----- Provided records -----

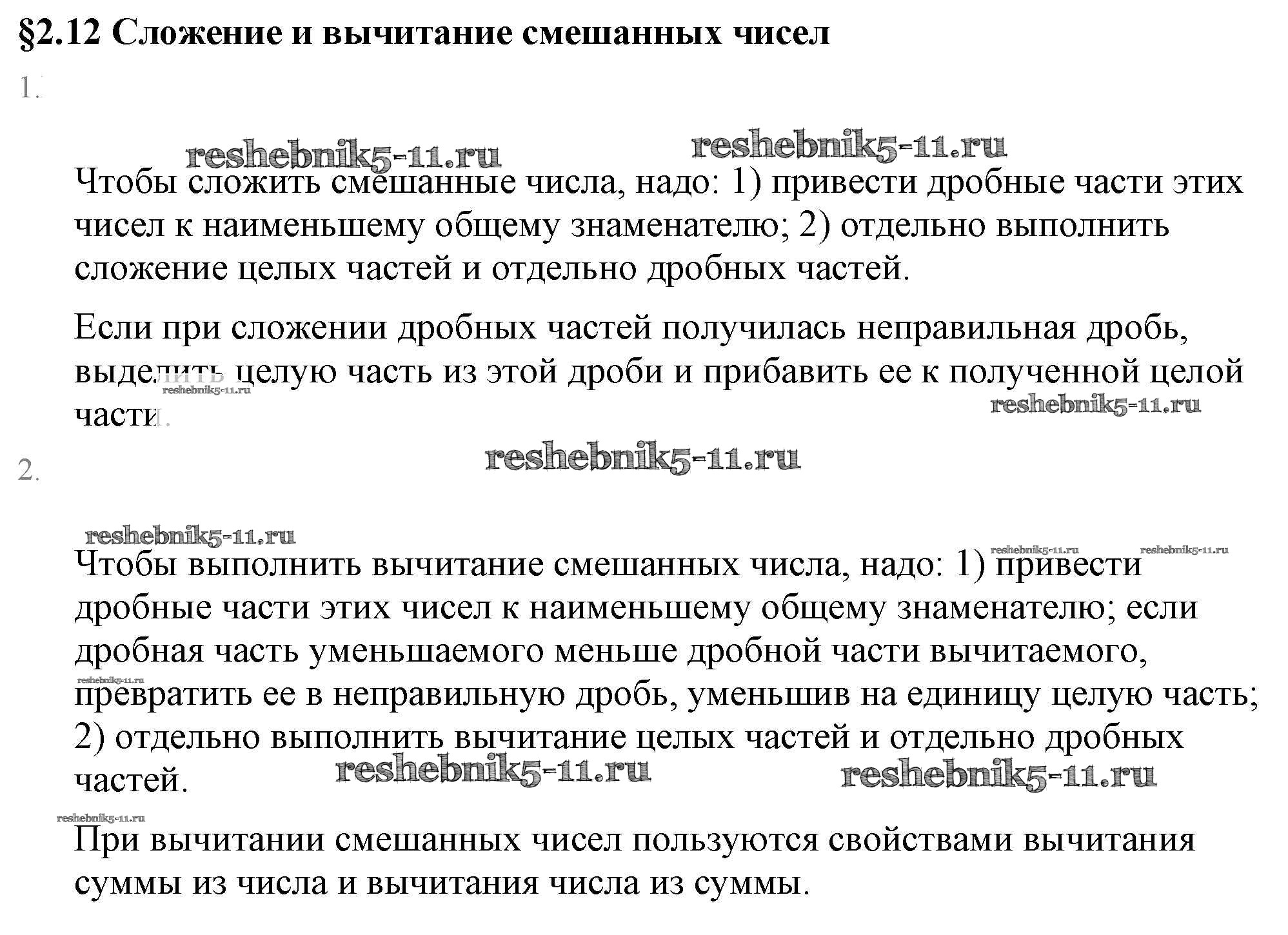 Готовая домашняя работа с ответами по Математике за 6 класс Виленкин, Жохов, Чесноков, Шварцбурд Учебник Мнемозина 2014 ФГОС - Вопросы к параграфу 2.12
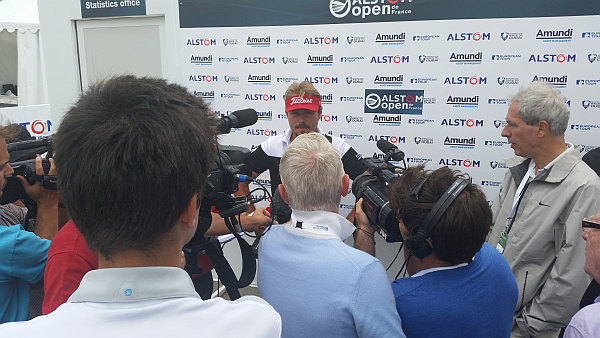 Victor Dubuisson facing the French press after his second round.  (Photo - www.golfbytourmiss.com)
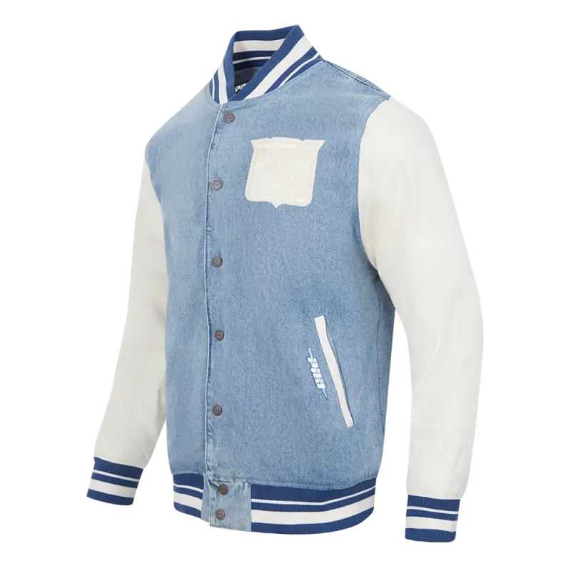 NHL NEW YORK RANGERS VARSITY BLUES MEN’S DENIM VARSITY JACKET (DENIM\/LINEN)
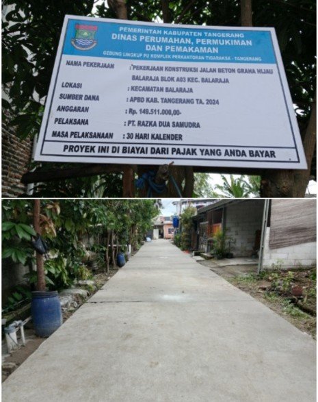 Di ketahui kegiatan tersebut berjudul Pekerjaan Kontruksi Jalan Beton Graha Hijau Balaraja Blok A03 kec. Balaraja yang di kerjakan oleh PT. Razka Dua Samudra dari APBD tahun anggaran 2024.
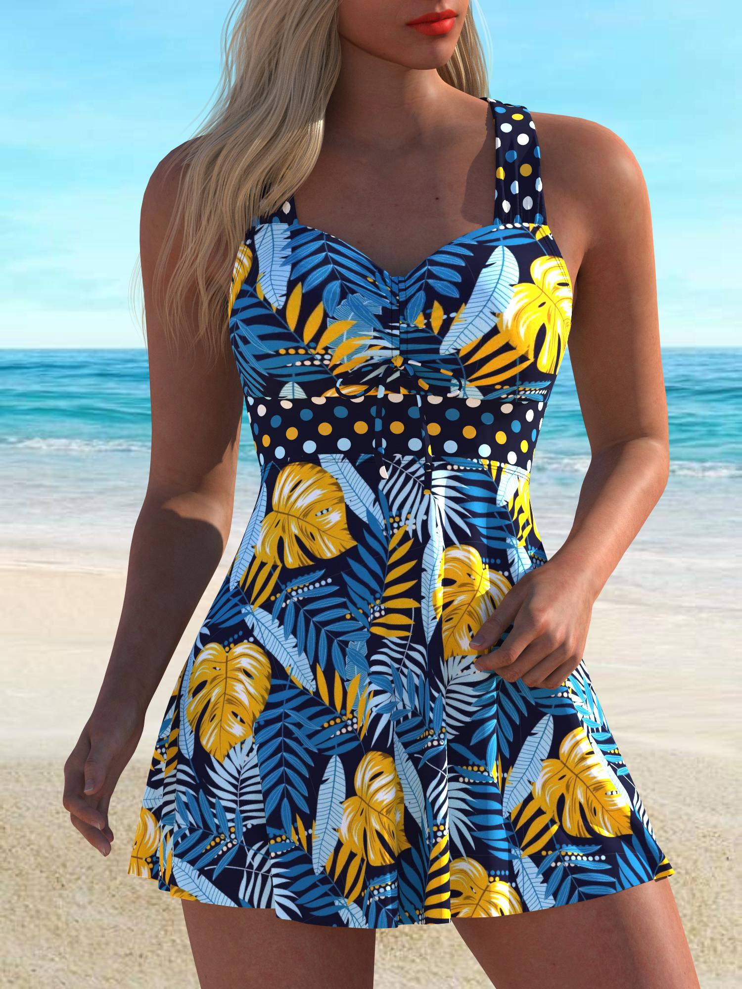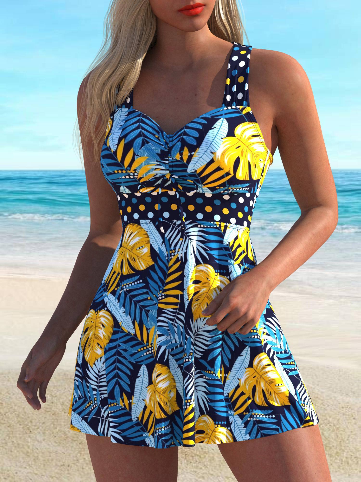 QKS69-13Fashion Printed Beach Party Slim Fit Tankini Swimsuit
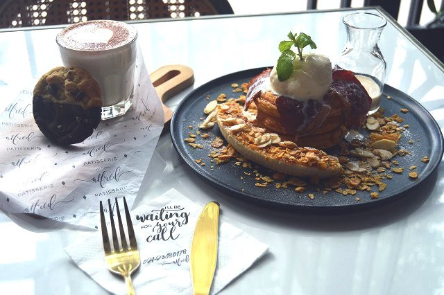 Untuk dessert dari Alfred, salah satu yang unik dari kafe ini adalah pancake yang berbeda dari pancake kebanyakan. Pancake yang disajikan di tempat ini lebih fluffy dibandingkan pancake kebanyakan yang cenderung padat.

-----

■ What is expected: Set down the records above word for word, from the first line through the line containing "NHL NEW YORK", both included; leave out the pictures.

■ Task output:
 Готовая домашняя работа с ответами по Математике за 6 класс Виленкин, Жохов, Чесноков, Шварцбурд Учебник Мнемозина 2014 ФГОС - Вопросы к параграфу 2.12
 Victor Dubuisson facing the French press after his second round.  (Photo - www.golfbytourmiss.com)
 NHL NEW YORK RANGERS VARSITY BLUES MEN’S DENIM VARSITY JACKET (DENIM\/LINEN)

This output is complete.